Our expectations and models used to estimate the allowance for losses on commercial and residential mortgage loans are regularly updated to reflect the current economic environment.
LOAN MODIFICATIONS
The allowance for credit losses incorporates an estimate of lifetime expected credit losses and is recorded on each asset upon asset origination or acquisition. The starting point for the estimate of the allowance for credit losses is historical loss information, which includes losses from modifications of receivables to borrowers experiencing financial difficulty. We use a probability of default/loss given default model to determine the allowance for credit losses for our commercial and residential mortgage loans. An assessment of whether a borrower is experiencing financial difficulty is made on the date of a modification.
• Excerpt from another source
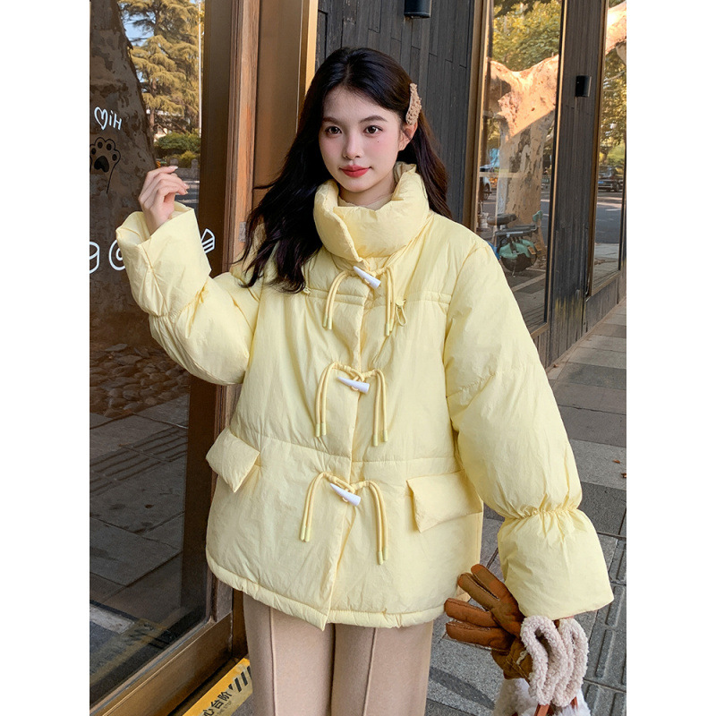 女性のためのショートダウンコットンコート 2024 新しい韓国スタイルルーズホーンボタンコットンコートパンコート秋と冬の厚いコート女性のための

Because the effect of most modifications made to borrowers experiencing financial difficulty is already included in the allowance for credit losses utilizing the measurement methodologies used to estimate the allowance, a change to the allowance for credit losses is generally not recorded upon modification.
When modifications are executed, they often will be in the form of principal forgiveness, term extensions, interest rate reductions, or some combination of any of these concessions. When principal is forgiven, the amortized cost basis of the asset is written off against the allowance for credit losses. The amount of the principal forgiveness is deemed to be uncollectible; therefore, that portion of the loan is written off, resulting in a reduction of the amortized cost basis and a corresponding adjustment to the allowance for credit losses.
We assess whether a borrower is experiencing financial difficulty based on a variety of factors, including the borrower’s current default on any of its outstanding debt, the probability of a default on any of its debt in the foreseeable future without the modification, the insufficiency of the borrower’s forecasted cash flows to service any of its outstanding debt (including both principal and interest), and the borrower’s inability to access alternative third party financing at an interest rate that would be reflective of current market conditions for a non-troubled debtor.
Corebridge did not modify any loans to borrowers experiencing financial difficulty during the three months ended March 31,2026 and 2025.
There were no loans that defaulted during the three months ended March 31, 2026 that had been previously modified with borrowers experiencing financial difficulties.
Corebridge closely monitors the performance of the loans modified to borrowers experiencing financial difficulty to understand the effectiveness of its modification efforts. All loans with borrowers with financial difficulty that have been modified in the previous 12 months are current and performing in conjunction with its modified terms.